Doing more than the token gesture

This week is on Jeremiah 34:8-17:
The word came to Jeremiah from the Lord after King Zedekiah had made a covenant with all the people in Jerusalem to proclaim freedom for the slaves. Everyone was to free their Hebrew slaves, both male and female; no one was to hold a fellow Hebrew in bondage. So all the officials and people who entered into this covenant agreed that they would free their male and female slaves and no longer hold them in bondage. They agreed, and set them free. But afterward they changed their minds and took back the slaves they had freed and enslaved them again.

Then the word of the Lord came to Jeremiah: “This is what the Lord, the God of Israel, says: I made a covenant with your ancestors when I brought them out of Egypt, out of the land of slavery. I said, ‘Every seventh year each of you must free any fellow Hebrews who have sold themselves to you. After they have served you six years, you must let them go free.’ Your ancestors, however, did not listen to me or pay attention to me. Recently you repented and did what is right in my sight: Each of you proclaimed freedom to your own people. You even made a covenant before me in the house that bears my Name. But now you have turned around and profaned my name; each of you has taken back the male and female slaves you had set free to go where they wished. You have forced them to become your slaves again.

“Therefore this is what the Lord says: You have not obeyed me; you have not proclaimed freedom to your own people. So I now proclaim ‘freedom’ for you, declares the Lord—‘freedom’ to fall by the sword, plague and famine. I will make you abhorrent to all the kingdoms of the earth.

These verses struck me because at first they seemed to describe people doing the right thing. God asked people to free their slaves, and they did it. It's a feel good headline. But then when the fuss died down, the same people went back and enslaved the slaves they'd just set free.

God spoke through Jeremiah to tell them that he saw what they did.

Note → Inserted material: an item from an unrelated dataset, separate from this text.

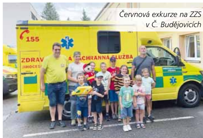
Červnová exkurze na ZZS v Č. Budějovicích

Letošní sezóna našich hasičů byla horká nejen počasím, ale i úspěchy. Během roku jsme vyjeli na deset soutěží – a to ne na výlet, ale pro medaile. A že se jich urodilo!

They made a show of doing the right thing, but then when they thought he wasn't looking they went back to their old ways. They brought a curse on themselves! Why bother doing the right thing if you're just doing it to get God off of your back? Is God so easily fooled? Can we just dabble in obedience for a season and then go back to how we were?

What if God was like that with us? What if we repented and changed our ways and he forgave us, for a season, and then went back to holding us to the debt we owed him? Would that covenant be worthwhile? Would it be worth dedicating our lives to God if he was that fickle or shrewd?

God withdrew his grace from the Israelites when they withdrew the freedom they'd proclaimed to their slaves. Just as the slaves were now only "free" to be oppressed by their Israelite masters, God made it so that the Israelites were "free" to be dominated by nature, their neighbors, and the elements -- the very things they'd previously been free from.

If God asks us to do something, we need to take it seriously. It's not something he's looking for a token effort on. He wants obedience. If he wants us to forgive others and set them free, we should do it. If he wants devotion, we should be devoted fully, not just for an altar call. An act of superficial obedience isn't the same as being wholly dedicated. The Israelites dabbled in doing the right thing but God wants us to take it seriously. His devotion to us isn't just a token gesture. We should strive to match his dedication to us.